Task directions: In the records below, the relevant part opens with the line containing "The CDI value" and closes with the line containing "Personalized Red Pepper"; print that part exactly and only, without its pictures.

Given records:
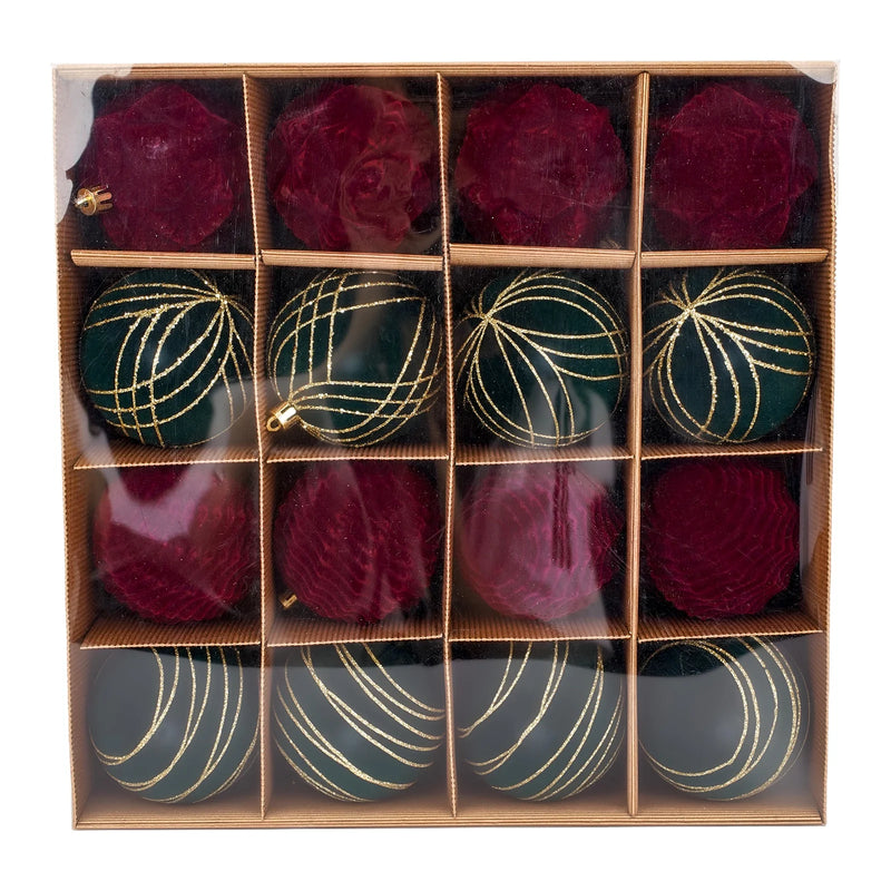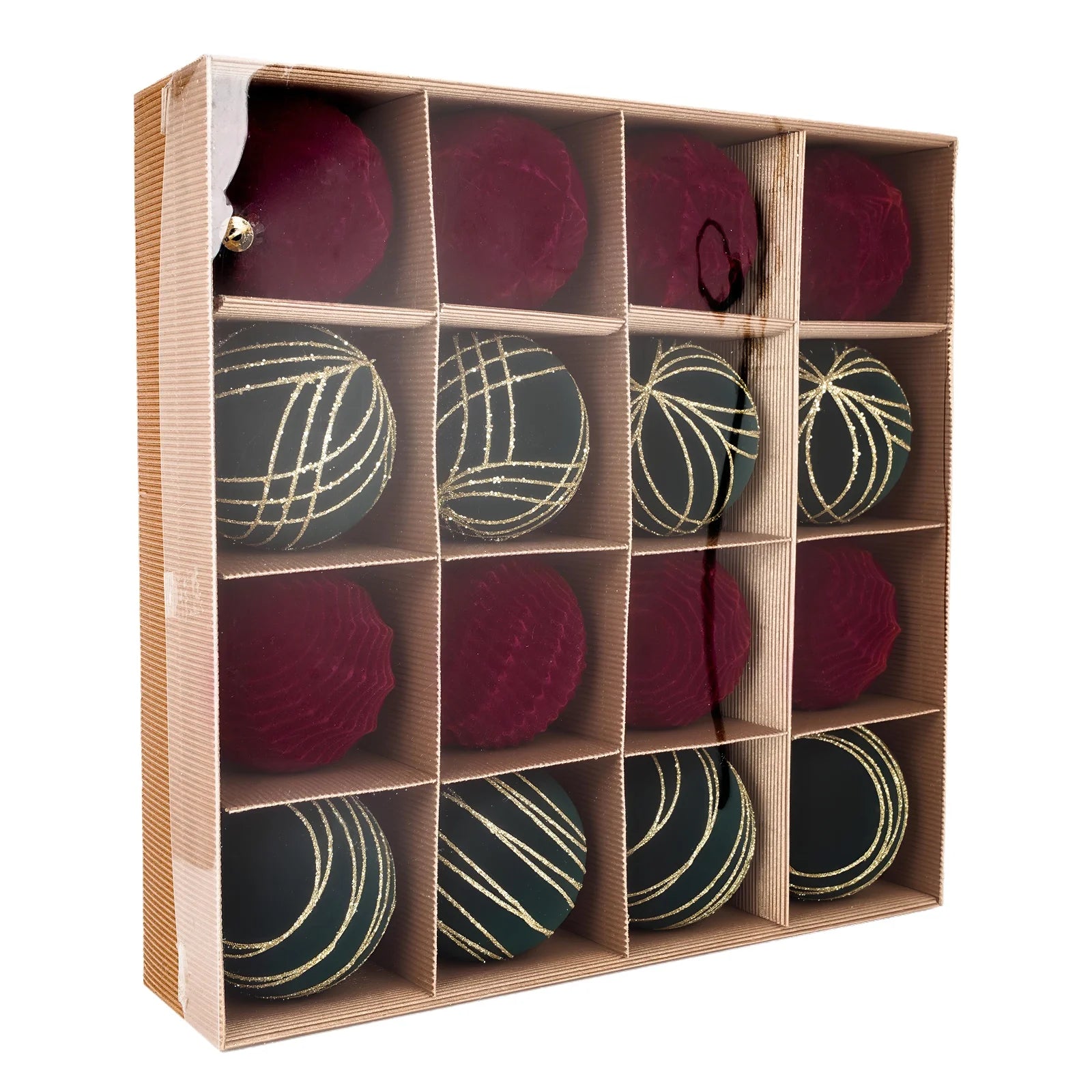 • Load image into Gallery viewer, Red and Green Flocked Christmas Tree Ornaments
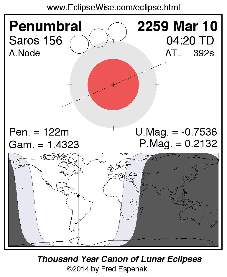 Penumbral Lunar Eclipse of 2259 Mar 10
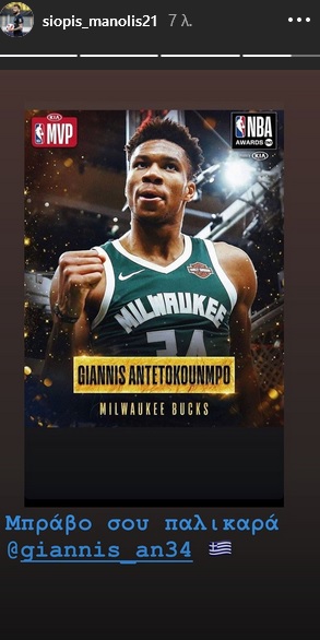 Ο Μανώλης Σιώπης «ανέβασε» στο instagram μια φωτογραφία του Έλληνα σούπερ σταρ γράφοντας «Μπράβο σου παλικαρά», ενώ ο Βασίλης Χρηστίδης μοιράστηκε τη χαρά του για την ανάδειξη του Γιάννη στον κορυφαίο της λίγκας.
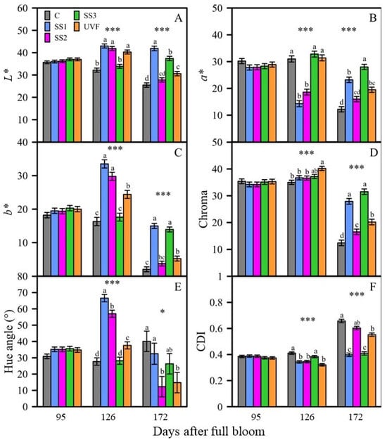 The CDI value of UVF-treated fruit initially grouped with that of the shaded fruit at 126 DAFB (0.321) but then increased (0.552) to be similar to that of the exposed SS2 (0.603) at harvest (p > 0.05).
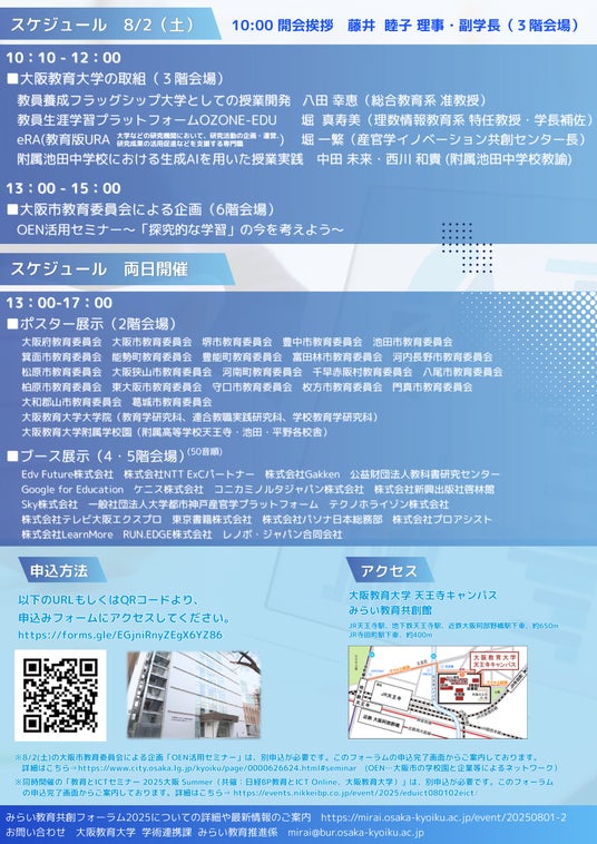 本フォーラムでは、大阪府教育委員会教育長と本学副学長(みらい教育共創拠点長)による基調講演をはじめ、本学の産官学連携における取組発表や、包括連携協定を締結している教育委員会・本学大学院・附属学校園によるポスター展示、企業によるブース展示等を行います。
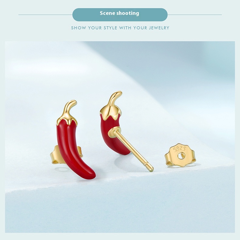 Personalized Red Pepper Stud Earrings Creative
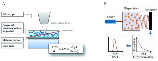隨著納米技術(shù)的飛速發(fā)展,納米顆粒在眾多領(lǐng)域展現(xiàn)出獨特的應用潛力,如生物醫(yī)藥、材料科學、環(huán)境科學等。在這些應用中,精確測定納米顆粒的尺寸、濃度、表面電荷等特性至關(guān)重要,因為這些參數(shù)直接影響著納米材料的性能、穩(wěn)定性以及與生物系統(tǒng)的相互作用。傳統(tǒng)的納米顆粒分析技術(shù),如電子顯微鏡(EM)和掃描探針顯微鏡(SPM),雖然能夠提供高分辨率的圖像,但樣品制備復雜、檢測通量低,且通常只能對靜態(tài)樣品進行分析,難以滿足對納米顆粒在溶液中動態(tài)行為研究的需求。動態(tài)光散射(DLS,圖1B)技術(shù)作為一種常用的光學集合技術(shù),長期以來被廣泛應用于納米顆粒分散體系的分析,能夠快速、準確地測定顆粒尺寸。然而,DLS 在面對多分散樣品時可靠性下降,其獲得的強度加權(quán)平均尺寸(“z 平均”)并不總能準確反映樣品的真實組成。此外,通過經(jīng)典反卷積算法對相關(guān)函數(shù)進行分析以提取例如雙峰分布的能力,實際上僅限于僅包含兩種或至多三種尺寸顆粒類型的樣品,且每種顆粒類型的尺寸差異需在實踐中大于 3:1。納米顆粒跟蹤分析技術(shù)(NTA,圖1A)的出現(xiàn)為納米顆粒的表征提供了一種全新的解決方案,它能夠?qū)崟r、逐個地跟蹤和分析納米顆粒在溶液中的布朗運動,從而獲取顆粒的尺寸、濃度等信息,彌補了傳統(tǒng)技術(shù)的諸多不足。

Your response:
 The CDI value of UVF-treated fruit initially grouped with that of the shaded fruit at 126 DAFB (0.321) but then increased (0.552) to be similar to that of the exposed SS2 (0.603) at harvest (p > 0.05).
 本フォーラムでは、大阪府教育委員会教育長と本学副学長(みらい教育共創拠点長)による基調講演をはじめ、本学の産官学連携における取組発表や、包括連携協定を締結している教育委員会・本学大学院・附属学校園によるポスター展示、企業によるブース展示等を行います。
 Personalized Red Pepper Stud Earrings Creative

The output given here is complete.